宇都宮学園対室蘭大谷 決着のつかないPK戦の結末
第65回大会(1986年度)準々決勝
宇都宮学園 0-0(PK15対14) 室蘭大谷
時の私は小学校1年生。そもそもPK戦に5人目以降があることを初めて知ったのがこのときだった。宇都宮学園高校は黒崎久志、室蘭大谷高校は財前恵一と、いわゆる“超高校級”の10番を擁し、大会屈指の好カードと称されていた一戦は、0対0のまま80分間が終了する。

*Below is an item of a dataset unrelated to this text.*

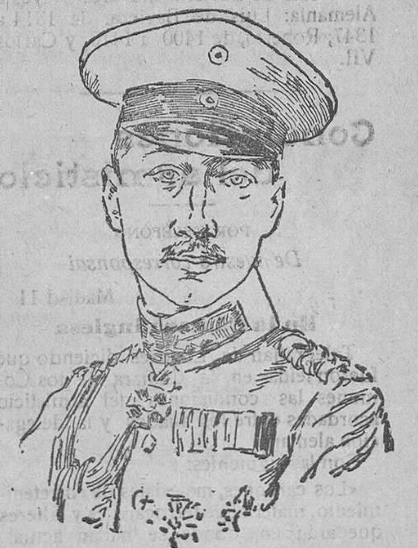
El Kromprinz Federico Guillermo, hijo primogénito del Kaiser que también renunció los derechos a la corona.

Al rechazar la Dieta federal el Gobierno del Duque de Cumberland, la Asamblea Nacional del Ducado eligió, en Octubre de 1885, Regente de Brunswick al Príncipe Alberto de Prusia, que fué quien firmó, en 1886, un Convenio mili-

だが、もつれ込んだPK戦は一向に決着する気配がない。5人目までは両チームが全員成功。サドンデス方式に入っても、双方のキッカーがことごとくゴールを決めていく。両GKも含めた22人が誰1人失敗せず、まさかの2巡目に突入。先攻の宇都宮学園は15人目の根岸誠一のキックが、とうとう相手GK星野元彦のセーブに阻まれる。そして最後は室蘭大谷の西舘武志がきっちり沈め、熱戦に終止符。2年生だった根岸の泣き崩れる姿が印象深い。
なお、この歴史的な試合の主審はワールドカップで笛を吹いた経験も持つ高田静夫。PK戦が終わったあと、黒崎は高田主審からおもむろに「PK戦の2巡目は、1巡目とキッカーの順番を変えてもよかったんだよ」と教えられ、「何でそれを今言うんだ……」と思ったことをおぼろげながら覚えているという。
両チーム合わせて30人が蹴ったPK戦は、長らく選手権の最長記録として語り継がれていたが、第97回大会で帝京長岡高校対旭川実業高校が17対16というPK戦を演じ、32年ぶりに記録が更新されたことも付け加えておきたい。